I wrote this today after looking for something to read XML data but didn’t want to use C Sharp’s 1MB XML library just for loading in some preferences. Was also a bit shocked that no one seems to have written a lightweight C# parser. I saw there was one on the wiki but it didn’t have attribute support which IMO is needed if you want to store more complex types of data.
So, I dragged out my perl archives (floppies FTW!) and updated my old XML token parser for C#.
The result is a tiny 20K script (10K without comments so it ought to be a spec when compiled) that reads an XML formatted string into a simple object list hierarchy.
Of course, this needs to be battle tested but so far so good. It parsed the entire script of The Tragedy of Richard the Third (link) which is an 8,600+ line (270K) XML document in around 0.1 second within Unity so speed shouldn’t be an issue.
Download the Script here: XMLParser.cs (right click and save as)
Usage Example:
Loads XML text into object hierarchy then loops though opjects and re-writes XML as string to console.
using UnityEngine;
using System.Collections;
public class XMLTest : MonoBehaviour {
// Use this for initialization
void Start () {
// Load a text asset XML file from the assets/resources folder
TextAsset xmlAsset = (TextAsset)Resources.Load("test", typeof(TextAsset));
// get xml formatted string from text asset
string xmlString = xmlAsset.text;
// create XMLParser instance
XMLParser xmlParser = new XMLParser(xmlString);
// call the parser to build the IXMLNode objects
XMLElement xmlElement = xmlParser.Parse();
// test string to re-build XML from XMLNode objects
string xmlOutputString = "";
// recursively re-construct XML string
WriteXMl(xmlElement, ref xmlOutputString, 0);
// log re-constructed xml string to the console.
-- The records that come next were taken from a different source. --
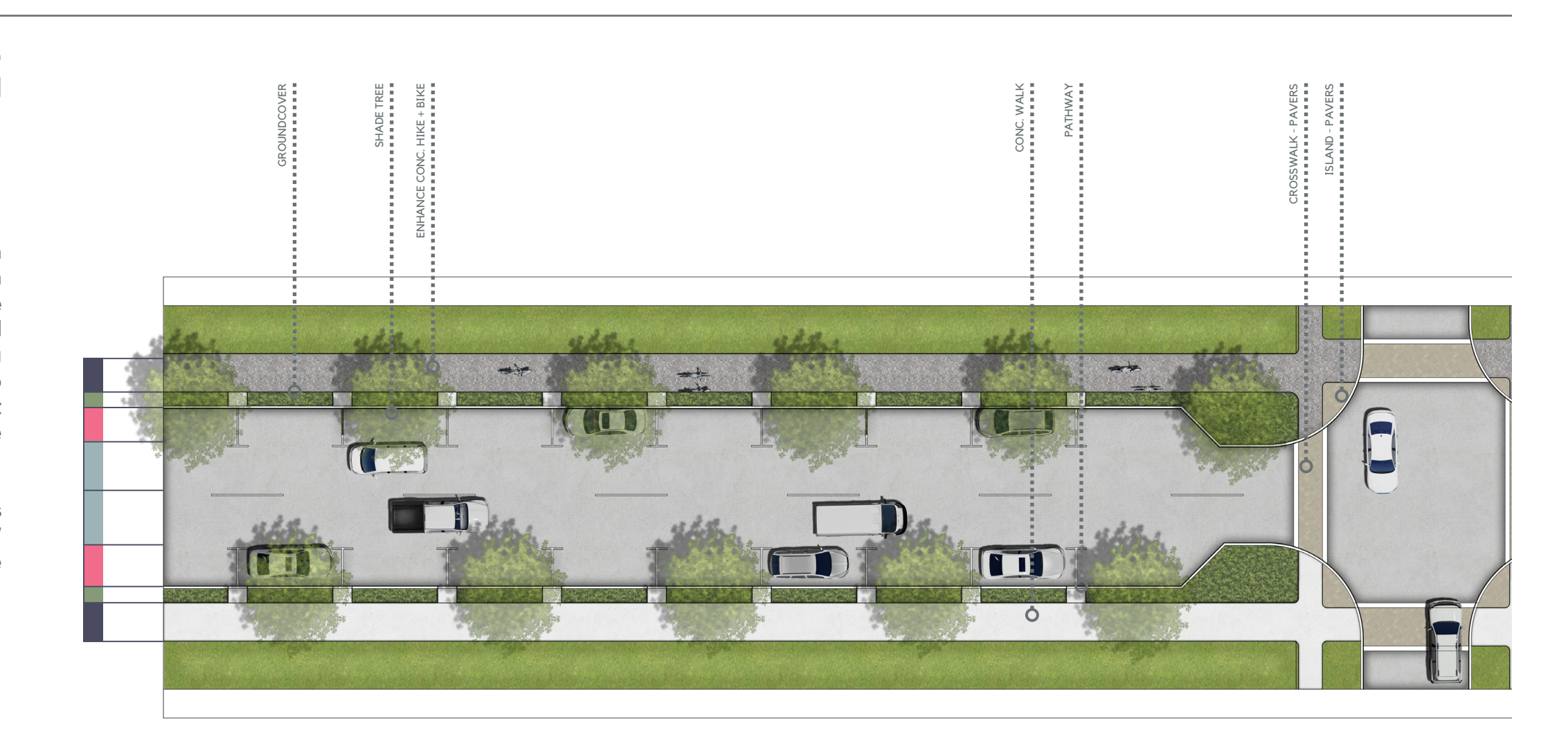
FIGURE 1.6.1 1st 3rd 5th Street Typology

For pedestrian movement, this typology includes a 8'-0" walks suitbale for walking and biking. Where necessary, the 8'-0" walk can be constructed at the back of curb to allow for the preservation of large existing trees.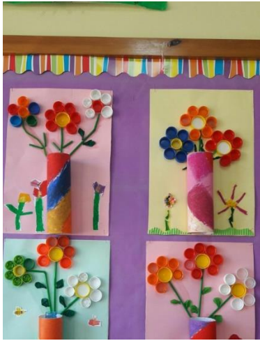
F is for Flower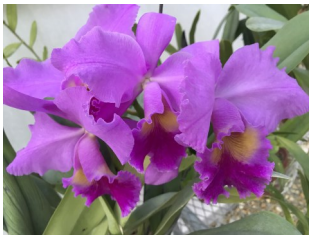
Rhyncholaeliocattleya Spring Dawn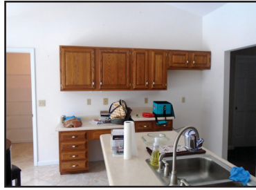
Glencoe Kitchen Remodel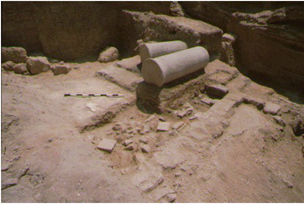
Fig. 1. Two marble pedestals as found in the Promontory Palace, Caesarea, August 1990

Extraordinarily, these pedestals were each used and inscribed at least five times, and the inscriptions can give us approximate dates for each reuse. Thus they themselves contain the documentation that may tell us when they were imported and how highly valued their dark grey banded marble seems to have been, despite the fact that words inscribed on this cippolino -like stone would have had to be brightly painted to be legible from any distance, as even modern photographs show that each pedestal's particular patterns and colors (Figs. 2, 3) almost completely obscure the lettering.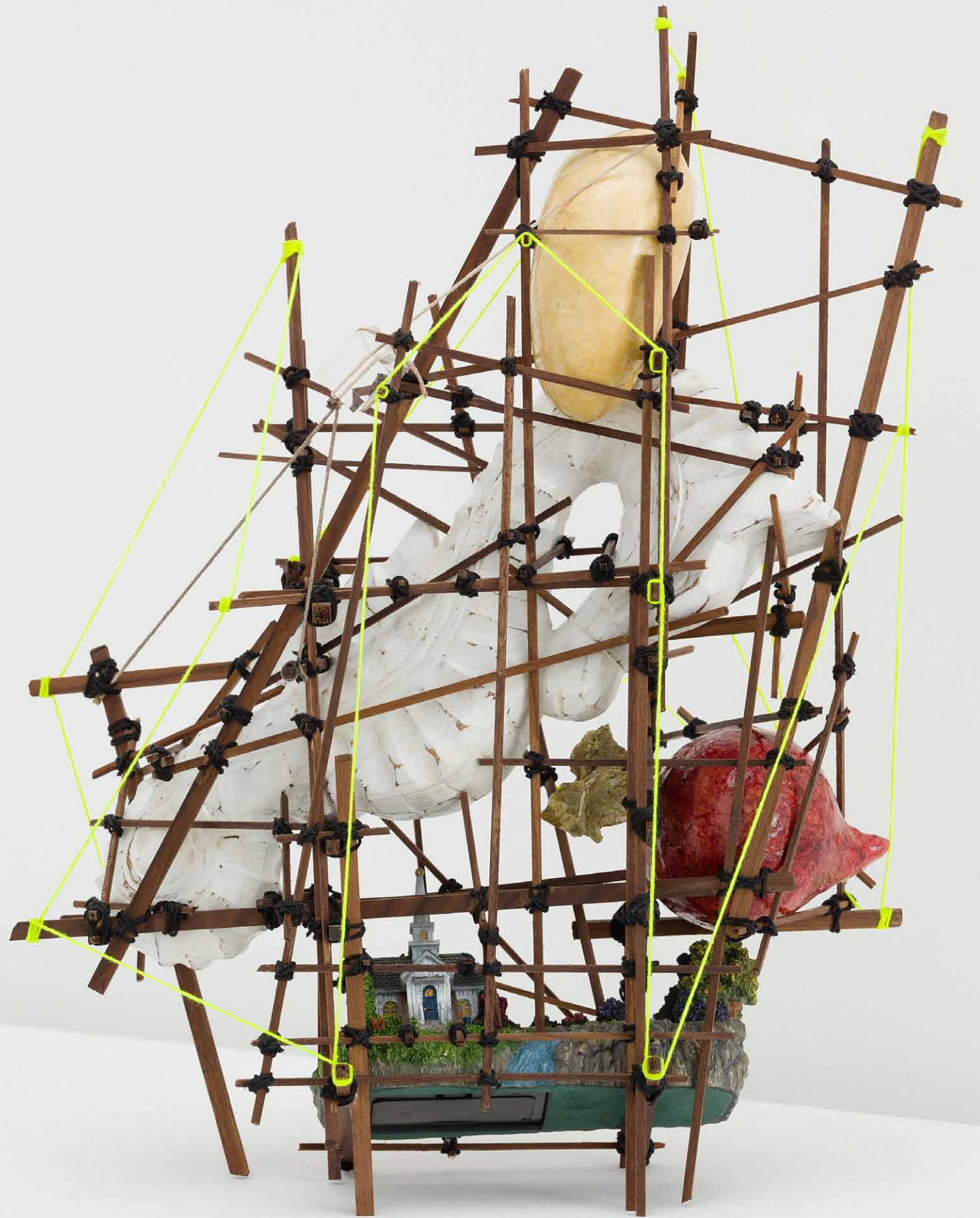
Things That Do Not Sleep and Delivered Every Time 2018 Mixed media 12 x 8.5 x 17"

Debug.Log(xmlOutputString);
}
// rebuilds xml string in output, ugly little method but it works
public void WriteXMl(IXMLNode element, ref string output, int depth) {
// tab strings for nicer formatting...
int i = 0;
string tabs = "";
while(i < depth) {
tabs += "\t";
i++;
}
// if textnode add content to output return early...
if(element.type == XMLNodeType.Text) {
output += tabs + element.value + "\n";
return;
}
// add opening tag to output
output += tabs + "<" + element.value;
// add attributes to opening tag
i = 0;
int attributeCount = element.Attributes.Count;
while(i < attributeCount) {
output += " " + element.Attributes[i].name + " = \"" + element.Attributes[i].value + "\" ";
i++;
}
// close opening tag
output += ">\n";
// recurse through all child elements
i = 0;
int childCount = element.Children.Count;
while(i < childCount) {
WriteXMl(element.Children[i], ref output, depth+1);
i++;
}
// add closing tag to output string
output += tabs + "</" + element.value + ">\n";
}
}
Bit of a pointless example but it demonstrates both reading XML strings and how to use the XML class objects to get at the data.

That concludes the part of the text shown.